## The problem
Leaving out the pictures, retype exactly the lines from the one holding "Google Ads přidal" through the end of the material.

## Material shown

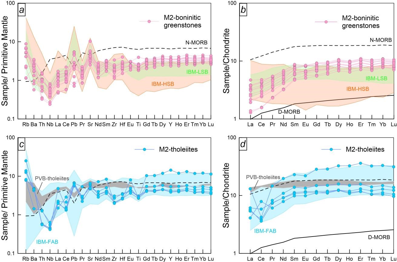 圖3 馬里亞納俯沖帶最南端M2站位的和玻安質綠巖(a-b)和火山巖樣品(c-d)的微量元素蛛網圖和稀土元素配分形式圖
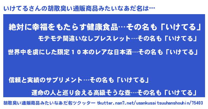 | 意味不明あだ名 | 『住所不定無職いけてる(65歳)』 |
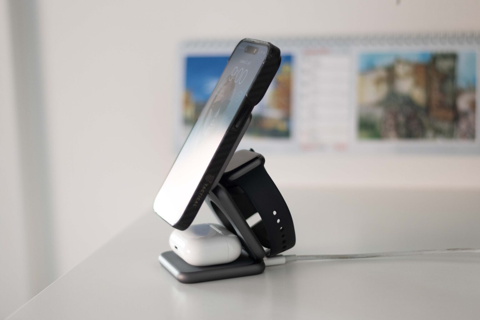 Jak již naznačuje samotný název produktu, Epico Mag+ Foldable Wireless Charger je skládací bezdrátová nabíječka s magnetickou nabíjecí ploškou pro smartphony. Skládá se celkem ze tří částí, přičemž každá jedna část dokáže nabíjet určité zařízení – konkrétně základna je určena na nabíjení AirPods, středový díl na nabíjení Apple Watch a horní díl pak na nabíjení smartphonu. Pokud vás pak zajímá nabíjecí výkon, ten dohromady dosahuje maximálně 22W, přičemž pro Apple Watch je vyhrazeno 3W, pro AirPods 5W a smartphony lze nabíjet až 15W. Je nicméně třeba jedním dechem dodat, že vzhledem k absenci certifikace Made for MagSafe lze iPhony nabíjet „jen“ 7,5W – tedy maximální možnou rychlostí standardního bezdrátového nabíjení. Rychlejší nabíjení by tedy bylo určitě zajímavější, nicméně i tato hodnota není k zahození. Co je pak vyloženě fajn, je to, že v balení nabíječky dostanete kromě ní samotné i 25W PD adaptér pro její napájení.
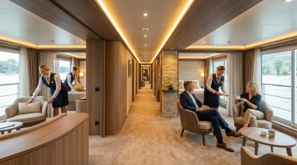 We deliver fully integrated hotel operations designed specifically for the unique demands of river cruise vessels. Our expertise spans multiple cruise concepts, ship classes, and luxury segments, allowing us to adapt seamlessly to different brand standards and guest profiles.
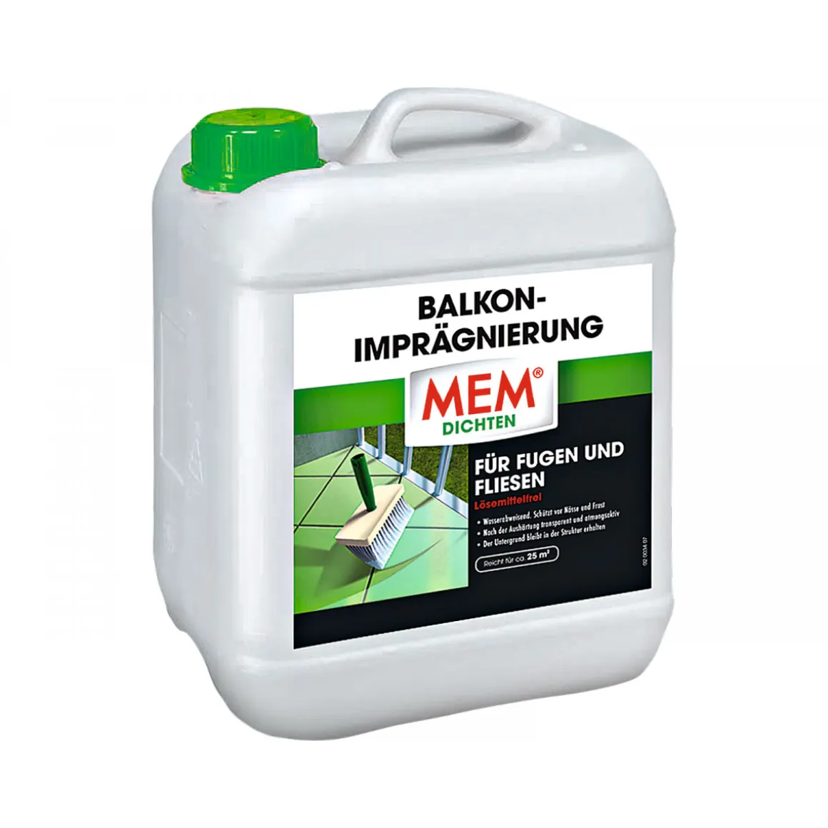 Die MEM Balkonimprägnierung schützt Ihre Terrasse oder Ihren Balkon zuverlässig vor Nässe und Frost. Mit einer niedrigviskosen Viskosität ist die Anwendung einfach und schnell erledigt. Die milchig-weiße Farbe trocknet farblos auf, sodass Sie keine Veränderung der Optik befürchten müssen.
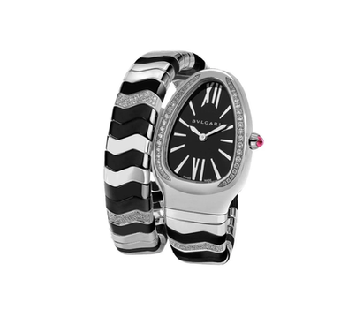 La caja del Bulgari 102129, con sus 35 mm de diámetro, destaca por su meticulosa elaboración en una fusión de cerámica y acero inoxidable, que combina resistencia y una estética refinada. Un bisel engastado con gemas le confiere un toque de lujo, mientras que el fondo de zafiro resistente a los arañazos permite admirar el intrincado movimiento en su interior.
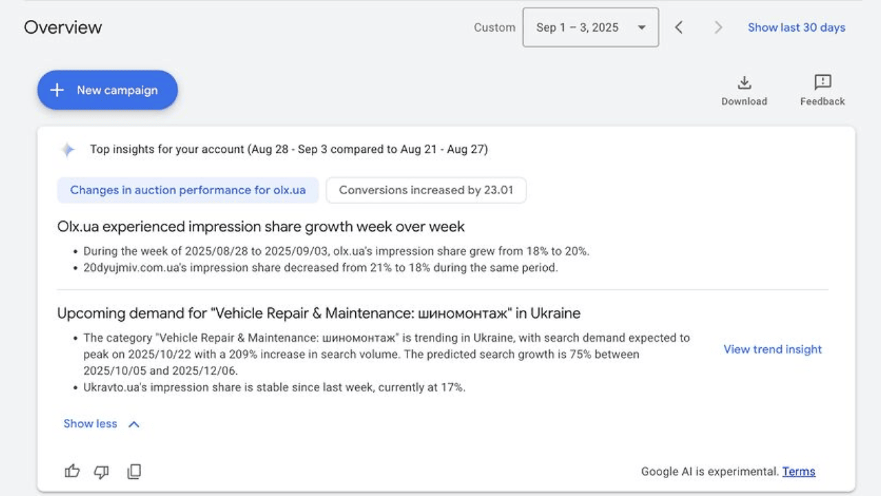Google Ads přidal novou funkci AI na stránce Přehledy, která identifikuje, kteří konkurenti jsou více vidět za posledních 7 dní v porovnání s předchozím obdobím, a zároveň předpovídá sezónní nárůsty poptávky po službách. Tuto aktualizaci sdílel Vyacheslav Terentiev.
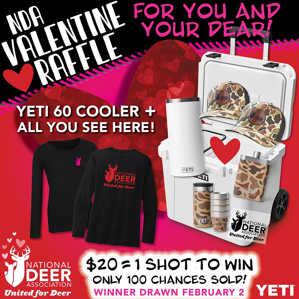 You can’t go wrong this Valentine's Day with a YETI 60 Roadie, YETI Wine Chiller, YETI Flask & Shot glasses, two NDA hats, and two custom NDA shirts. You could win all of this for you and your Valentine!

## Response to the exercise
Google Ads přidal novou funkci AI na stránce Přehledy, která identifikuje, kteří konkurenti jsou více vidět za posledních 7 dní v porovnání s předchozím obdobím, a zároveň předpovídá sezónní nárůsty poptávky po službách. Tuto aktualizaci sdílel Vyacheslav Terentiev.
 You can’t go wrong this Valentine's Day with a YETI 60 Roadie, YETI Wine Chiller, YETI Flask & Shot glasses, two NDA hats, and two custom NDA shirts. You could win all of this for you and your Valentine!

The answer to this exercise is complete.